Non ho scritto nulla perché ho avuto l’impressione che tutti abbiano individuato in maniera precisa le varie responsabilità. Ma non è così. Io credo che in maniera più precisa bisogna collocare l’assenza di espliciti commenti nella generale e devastante omertà che caratterizza le nostre comunità.
E allora vi rivelo il mio pensiero. Io che ho riscoperto l’attività sciistica di Roccaraso, ricollocata nella sua origine al 25 febbraio 1910, ben 106 anni fa e oggi ricca di tutte le sue piste e impianti di risalita.
“Roccaraso rischia di non essere più la principale località sciistica di questa parte d’Abruzzo e dell’intero Appennino!”

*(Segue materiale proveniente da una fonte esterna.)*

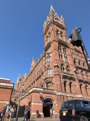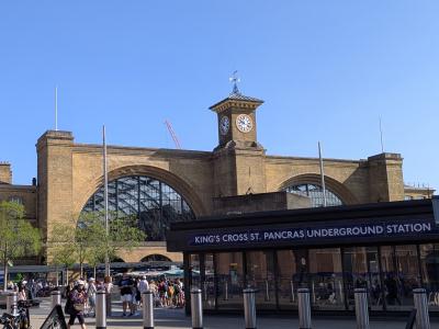 キングス・クロス駅に隣接しているセント・パンクラス駅もいい感じの建物でした。 鉄道の駅は、それぞれ別ですが、地下鉄の駅は、「キングス・クロス・セント・パンクラス」駅とセットになっています。 |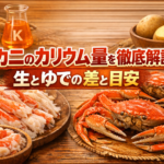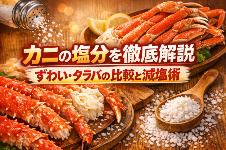 カニの塩分が気になる方へ。ズワイ・タラバなど種類や「生・ゆで・缶詰」で塩分がどれくらい違うのか、信頼できる成分表の数値をもとにやさしく解説します。日常の減塩に役立つ調理テクと、透析中の方が量を判断するための目安計算もあわせてまとめます。筆者は通販用の下処理・試食で数百回以上カニを扱っており、家庭で再現しやすい“塩分を抑える食べ方”のコツを実体験ベースでお伝えします。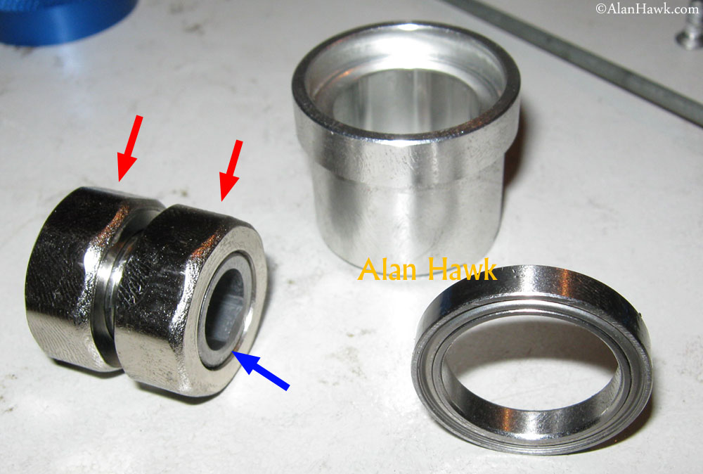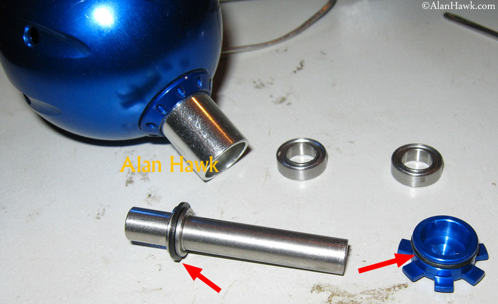 ![]() The knob is sealed on both ends (red arrows), and runs on two bearings that remained in top condition throughout the testing.

Voi direte: Questo è matto. Proprio lui che poc’anzi ci ha rassicurati che le nostre convinzioni sono inconfutabili. Matto? Forse. Ma io sono certo che lo scettro a Roccaraso sta tentando prepotentemente di usurparglielo la ridente e fluviale Castel di Sangro, dove peraltro conto tanti amici e perché no estimatori delle mie sortite.
E si, perché mi sarei aspettato sulla scia della storia e della consistenza della nostra parte di Comprensorio, che gli ultimi impianti in costruzione su all’Aremogna ne avessero giustamente vista Roccaraso artefice ancora una volta, come è giusto che sia. E invece no, si sono inventati Castel di Sangro capofila a dettare legge non solo in materia di impianti di risalita, ma anche sul nostro territorio. Mi chiedo, vi chiedo. Ma capofila di che cosa? Totò avrebbe detto a qualcuno: mi faccia il piacere! A prescindere. Se mai, ci sarebbe dovuta essere una cordata tra Roccaraso, Rivisondoli e Pescocostanzo.

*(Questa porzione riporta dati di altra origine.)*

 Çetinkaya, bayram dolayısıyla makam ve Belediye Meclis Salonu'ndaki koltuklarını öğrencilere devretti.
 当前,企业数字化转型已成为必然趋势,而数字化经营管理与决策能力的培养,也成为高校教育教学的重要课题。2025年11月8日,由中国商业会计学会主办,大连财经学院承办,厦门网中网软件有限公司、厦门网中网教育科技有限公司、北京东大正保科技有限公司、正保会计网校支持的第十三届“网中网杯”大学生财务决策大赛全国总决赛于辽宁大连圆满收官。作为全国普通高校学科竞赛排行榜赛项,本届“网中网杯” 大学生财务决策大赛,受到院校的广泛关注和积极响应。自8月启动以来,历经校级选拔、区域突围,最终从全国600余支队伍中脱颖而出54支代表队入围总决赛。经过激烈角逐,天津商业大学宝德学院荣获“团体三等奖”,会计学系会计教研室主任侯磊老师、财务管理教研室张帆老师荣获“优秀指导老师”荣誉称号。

E per questa ragione io sono certo che i roccolani di un tempo si sono rivoltati nella tomba. E’ sufficiente leggere il frutto della ricerca del Prof. Francesco Sabatini scritto sul suo libro del 1960 Altopiani Maggiori d’Abruzzo. Quando nel 1576 l’Università di Roccaraso si fece avanti a chiedere al feudatario (a quel tempo Isabella Gonzaga, tutrice di Alfonso III d’Avalos) il riscatto del canone enfiteutico sull’Aremogna, condusse a proprio nome le trattative e sostenne una gran parte della spesa (1.500 ducati) un privato, Amico de Silvestri, mentre un gruppo di cittadini sborsava il resto della somma necessaria (altri 100 ducati). L’Università ricomprò, in seguito, tutte le quote di diritti sull’Aremogna che erano state acquistate dai privati, e così l’intera comunità venne in possesso di quel fruttuoso cespite.

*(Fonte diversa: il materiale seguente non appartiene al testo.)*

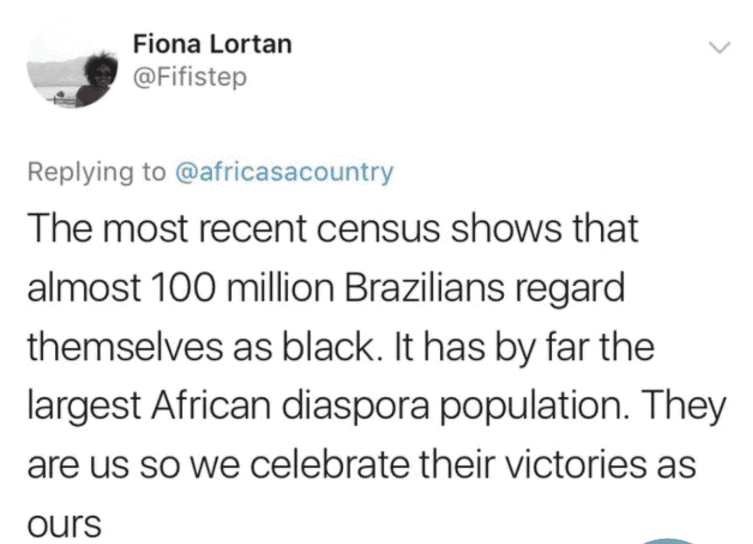 “O censo mais recente mostra que quase 100 milhões de brasileiros se consideram negros. Eles possuem de longe a maior população de diáspora africana. Eles são nós, então celebramos suas vitórias como as nossas.” diz Fiona Lortan.

Direte voi: ma cosa c’entra tutto questo con la paventata chiusura e vendita della seggiovia di Pescocostanzo? Cosa c’entra? Cavolo se c’entra, eccome!
Roccaraso ha girato le spalle col beneplacito generale – una maggioranze bulgara lo ha consolidato – alle sue sorelle Rivisondoli, Pescocostanzo e Rocca Pia, che insieme formano, mi sembra non più, la Regione degli Altopiani Maggiori d’Abruzzo (F. Sabatini) e ha guardato e continua a guardare a Castel di Sangro col fondo schiena ampiamente sbracato. Perciò, che importa che Vallefura si chiuda? Che importava aiutare e difendere quella parte sensibile del Comprensorio che con l’Alto Sangro ha poco a che vedere?
Qui siamo sugli Altopiani Maggiori d’Abruzzo, che sono un’altra cosa. Ma a qualcuno non piace. Costoro vogliono stravolgere la nostra storia con la complicità esplicita di qualche sciagurato. Perché è più necessario sorvolare con un avveniristico, quanto costoso e inutile impianto la strada dell’Aremogna, che difendere e consentire il particolare sviluppo sciistico di Pescocostanzo.
Il silenzio è assordante. Ma che dico: è bulgaro.